I took a risk buying this book because I only gave the original book 2 stars – 3 for the content with a star deducted for the formatting which made the kindle version hard to read.

The core idea is that much of what is done in organisations to drive improvement is nothing but a distracting waste of time, effort and money. This is the “decorating the fish” which I’ve heard previously referred to as “putting lipstick on a pig”.

This makes a lot of sense to me with my background in studying the Theory of Constraints. Eli Goldratt’s teaches that an improvement anywhere other than the constraint, is an illusion.

This book takes a more detailed look at the actions that are taken that only decorate the fish and explains why.

It’s therefore a guide to “what not to do”.

The authors say you should read this as well as the first book. I don’t feel that is necessary since I had returned it for my money back.
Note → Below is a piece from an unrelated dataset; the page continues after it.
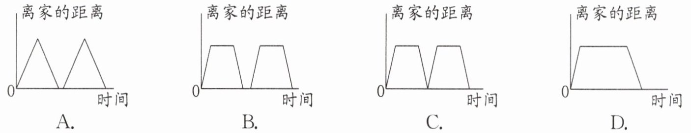 )比较准确地反映了小勇一天的活动情况。答案:2. B 解析:选项A中的图表示小勇去上学,又立刻回家,在学校没有停留,不符合题意。选项C中的图表示小勇中午放学回家又立刻去上学,中间没有停留,同样不符合题意。选项D中的图表示的是小勇早晨去上学,中午没有回家,一直在学校,傍晚放学回家,显然也不符合题意。只有B选项中的图符合题意。

This is much better and the kindle formatting is fine except for the lead page each new section where the writing is tiny. It is interesting and most of the examples clearly explain why the actions won’t be effective. I did get lost in several because of unfamiliar acronyms from America.

However I still don’t feel the book is getting to the core of the issue. Managers have problems to solve and opportunities to chase. They need guidance on what to do to make positive progress.

Towards the end of each section, there is a short tip on how to take the right actions to avoid the particular decorating the fish problem but I don’t feel this is enough.

The sections then end with a series of questions to help you audit whether the proposed solution is likely to succeed or is decorating the fish. Again this is useful but, even better would be questions about the problem that direct you towards the effective solutions.

There is a lot to like about this book and it will certainly make you reflect on past actions that didn’t go to plan.

Sadly it’s not enough. I’m giving it four stars as it’s well worth a read but I encourage the authors to address how you analyse the visible symptoms and trace them back to the core problem and then move forward into designing effective solutions.

I urge you to learn a critical thinking process, even if it’s only a rehash of the tools that were used in the 1980s total quality programs like cause and effect analysis and the five why’s.